Now, you can optionally divide your data by their standard deviations, effectivelly transforming your data to z-scores. This step is strictly optional, but might make sense when your data represents variables collected in units of widely varying orders of magnitude (i.e. one column represents heights in kilometers, the other in centimeters).

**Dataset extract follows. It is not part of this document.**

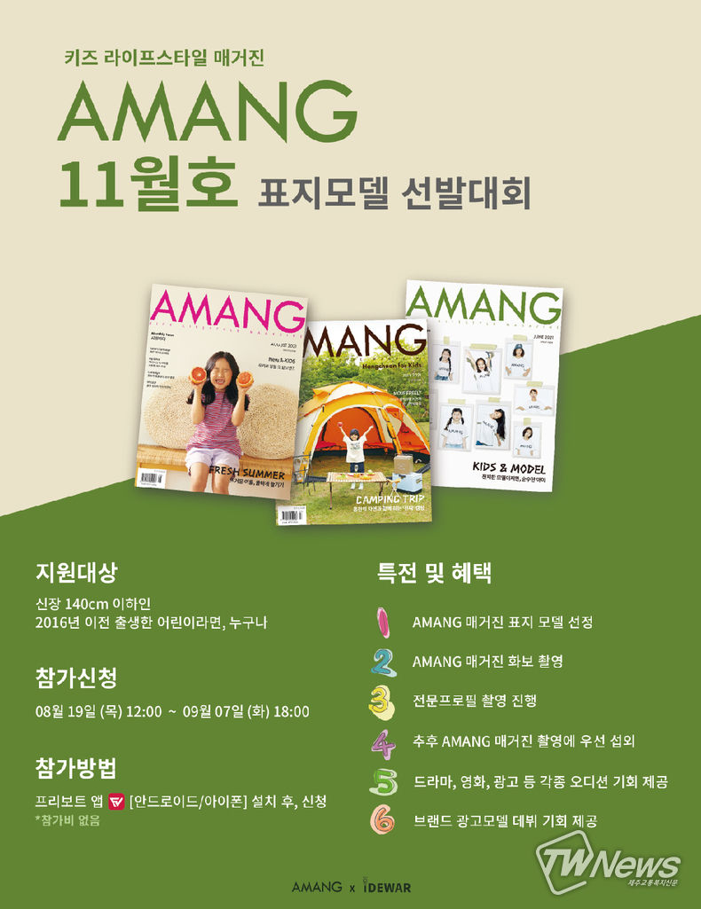 11월 호 참가 신청은 지난 19일 12시부터 내달 7일 18시까지로 신장 140cm 이하인 2016년 이전 출생한 어린이라면 누구나 참여가 가능하며, 별도의 참가비는 발생하지 않는다. 이번 선발 대회에 참가하는 모델 대상자들은 심사 과제에 맞는 사진 및 영상을 준비하여 '프리보트' 앱 내에서 오는 9월 24일부터 28일까지 온라인 심사를 거쳐 표지 모델로서 발탁이 될 기회를 얻는다. 최종 합격자는 10명 이내로 오는 9월 30일 발표된다. 이들은 추후 AMANG(아망) 매거진 촬영에 우선 섭외가 되며 드라마, 영화, 광고 등 각종 오디션 기회를 받는 특전 및 혜택을 갖게 된다.

this.StandardDeviations = x.StandardDeviation(Means);
z = z.Divide(StandardDeviations, dimension: 0);

Now, the principal components of 'x' are the eigenvectors of Cov(x). Thus if we calculate the SVD of 'z' (which is x standardized), the columns of matrix V (right side of SVD) will be the principal components of x. With this, what we have to do now is to perform the Singular Value Decomposition (SVD) of the matrix z:

var svd = new JaggedSingularValueDecomposition(matrix,
    computeLeftSingularVectors: false,
    computeRightSingularVectors: true,
    autoTranspose: true);

var singularValues = svd.Diagonal;
var eigenvalues = SingularValues.Pow(2);
var eigenvalues.Divide(x.Rows() - 1);
var componentVectors = svd.RightSingularVectors.Transpose();

If you would like to perform whitening, you can also divide your vectors by the singular values:

componentVectors = componentVectors.Divide(singularValues, dimension: 1);

Now if you would like to project your data to up to 90% of the variance, compute the cumulative sum of the eigenValues similar to as you did:

// Calculate proportions
var componentProportions = eigenvalues.Abs().Divide(eigenValues.Abs().Sum());

// Calculate cumulative proportions
var componentCumulative = componentProportions.CumulativeSum();

Now, determine the number of dimensions that you need by looking where the cumulative proportions become larger than the proportion of variance that you want. After you know this number, select only those eigenvectors from the eigenvector matrix:

int numberOfVectors = // number of vectors that you need

for (int i = 0; i < rows; i++)
    for (int j = 0; j < numberOfVectors; j++)
        for (int k = 0; k < componentVectors[j].Length; k++)
            result[i][j] += z[i][k] * componentVectors[j][k];

In the example above I am transforming the matrix z, which was already mean centered and optionally standardized. Don't forget to apply the same transformations that you applied to the original matrix before you transform another set of data.

Finally, please keep in mind that doing all of the above manually is completely optional. You should really use the PrincipalComponentAnalysis class to do all this heavy lifting for you, for free!